Crystallization-Driven Ni Nanoparticle Redispersion Unlocks Metal–Acid Synergy in Long-Chain Alkane Isomerization

Long-chain alkane hydroisomerization constitutes an essential catalytic transformation within the petroleum refining process, enabling the production of high-performance, environmentally benign fuels and lubricants. Although Ni-based catalysts offer economic advantages compared to platinum analogues, their industrial application is limited by inferior metal dispersion and susceptibility to sintering. This study demonstrates an in situ recrystallization strategy to fabricate *MRE zeolite-supported Ni catalysts with precisely modulated metal distribution and tailored reducibility. The optimized catalyst achieves an isomer yield of 87.3% in n-dodecane hydroisomerization.
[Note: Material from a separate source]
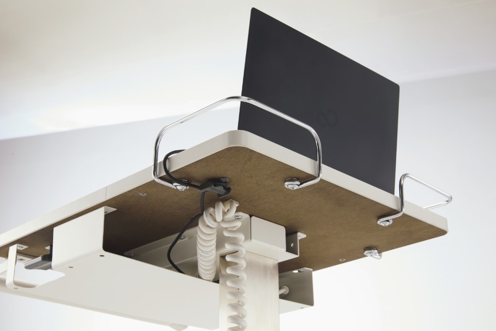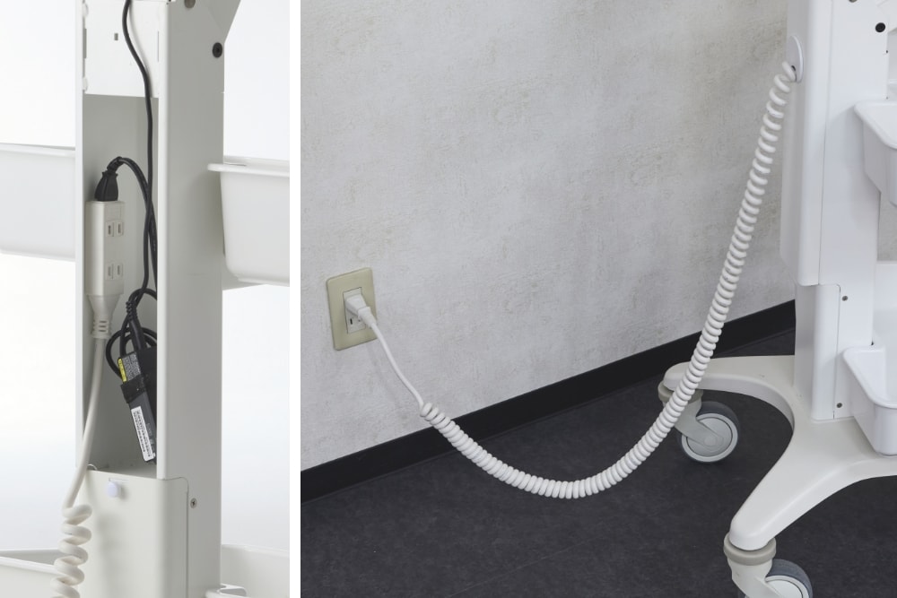 支柱内部にACアダプタを収納できる設計で、床に触れず清潔に保てます。オプションのカールコードを組み合わせることで、断線リスクを抑えつつ、伸縮性のあるコードが病室内のコンセント位置にも柔軟に対応します。

This performance surpasses all documented Ni-based systems and demonstrates parity with benchmark Pt catalysts while sustaining operational stability over 1000 h. Characterization techniques, including STEM, in situ DRIFT spectroscopy, and EXAFS, reveal that the dynamic redistribution of Ni species occurs during zeolite crystallization, facilitated by organic structure-directing agents. Simultaneously, the recrystallization process effectively isolates active silicon precursors from Ni, thereby minimizing the formation of inert nickel phases. Furthermore, the formation of Ni–O–Si structures has been shown to enhance the metal dispersion stability. This crystallization-driven metal redispersion strategy provides a paradigm for the rational design of metal–zeolite bifunctional catalysts.